Secondly, the high point was probably 75% of the customers believe our prices met were lower than expectations. So that's just the groundwork they want to lay for you. Fast forward to October, they have issued the advanced notice of proposed rulemaking. They want to keep the FTC funeral rule in place, which makes sense. That as part of that ANPR and of proposed rulemaking, they've asked the 40 questions. It was actually published this morning, believe it or not, to the Federal Register. So, the 60-day comment period starts today and ends January 3rd. And you can go online and see what the questions are, but they're very similar. I mean, really where they're going is should GPLs, the price list be online and what format should they be in line and such.
The one thing that, I guess, we would say that we're disappointed in is that to change the rule and to regulate it under the codification, you think that you need to have something damage to consumers or something happening. And it just appears that in our data that we submitted independently from customers through J.D. Powers is telling a different story to where they're going. And that's a little bit disappointed.
And we just simply don't believe that it's a one size fits all commodity. In fact, we think it's the opposite. The funeral business is highly customized. Celebrations of life for getting even more customized and that's where the trend is going and such. And so, does this solve any problem? It doesn't appear that it does, but we'll simply respond accordingly like we have before with data.

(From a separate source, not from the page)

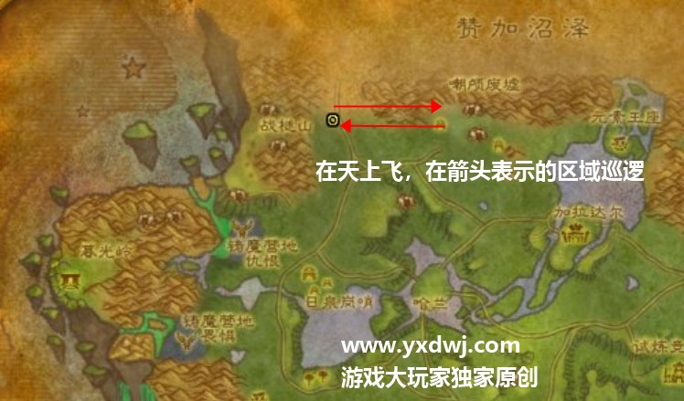 在地图上面给大家标出来了巡逻的轨迹,会在下图的红色区域之间循环飞行。
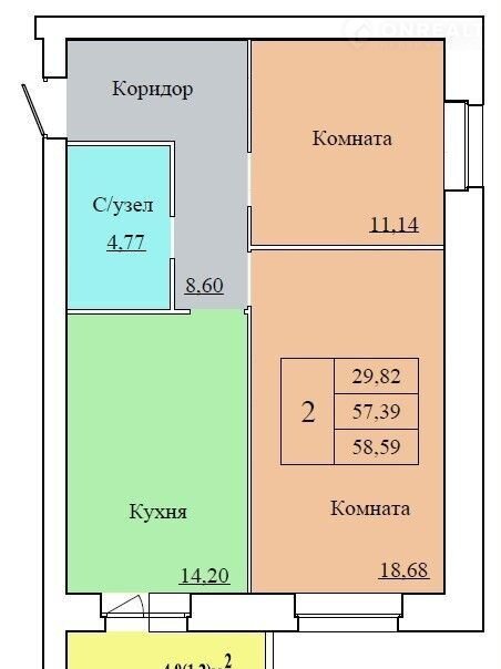 Общая площадь 58.6 м2

In terms of the effect of SCI, which is a great question. We've kind of -- our thoughts haven't changed to what we said before. We do different things online. We tier our customers. A lot of our funeral homes are tiered as well in terms of spending. I think we have over 450-plus of our funeral homes online that have starting at type prices. We have premium experiences for our more high end tiers as well. That's probably another 400 of our funeral homes. We have somewhere between 300 to 400 GPLs online ourself. So, we're already going down this path.
The most important thing for us is giving clarity, transparency to our consumers, but most importantly, giving it to them in the form that they want based on the tiers of those individual funeral homes and such, which could be different. And of course, we strongly believe that meeting with them to help customize their celebration of life is very important. But the punchline is, in all of this, we just haven't seen any type of effect that we would consider material.

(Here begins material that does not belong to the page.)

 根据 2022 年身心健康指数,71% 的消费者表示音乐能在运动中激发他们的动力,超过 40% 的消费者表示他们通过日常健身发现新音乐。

So, if this ANPR went into effect and it went down that path, I think we've been consistent for a couple of years. And fast-forward today, we continue to believe that we just don't think that's a material effect to our business going forward from an EPS or cash flow or market share, anything along those lines perspective, Joanna.
No. Appreciate the comments and thanks for taking the questions.

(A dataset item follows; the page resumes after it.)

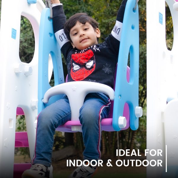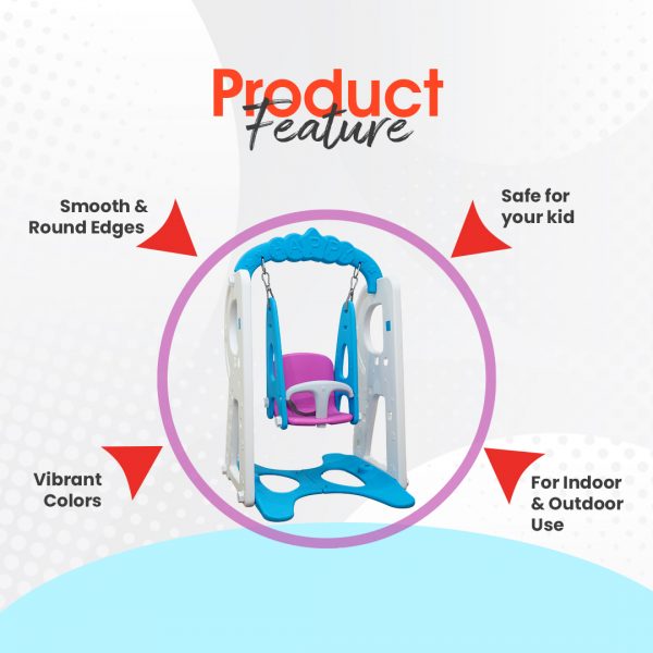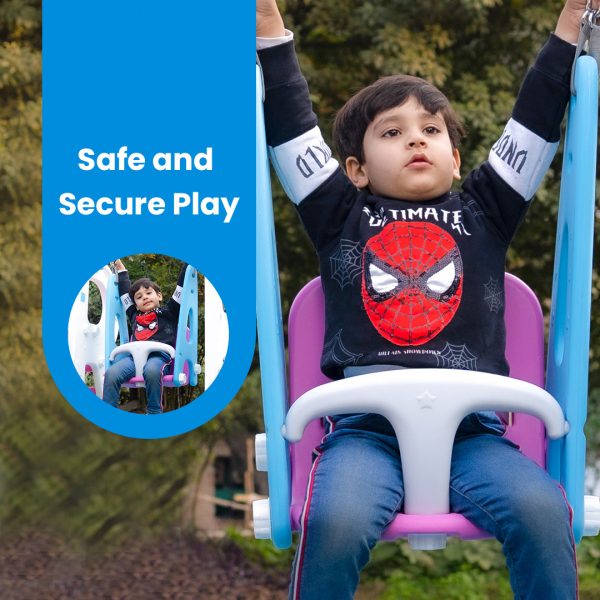 Bring joy and excitement to your child's playtime with this safe and durable swing set, designed for both indoor and outdoor fun. Featuring a sturdy frame, secure seating, and high-quality ropes, this swing ensures a smooth and comfortable ride while keeping safety a top priority. The high backrest and front safety guard provide extra support, making it ideal for toddlers and young kids. Crafted from non-toxic, weather-resistant plastic, it is built to withstand daily use, whether in a playroom, garden, or balcony. With an easy assembly process and included instruction manual, setting it up is hassle-free. This vibrant and engaging swing encourages active play, balance, and coordination, making it a must-have for every little adventurer!

This concludes our question-and-answer session. I would like to turn the conference back over to SCI management for closing remarks.
I want to thank everybody for being here today. Have a great end of the year. Be careful out there. And we look forward to seeing you next year in February to talk about our full year 2022 and fourth quarter results. Thanks.
The conference has now concluded and thank you attending today’s presentation. You may now disconnect.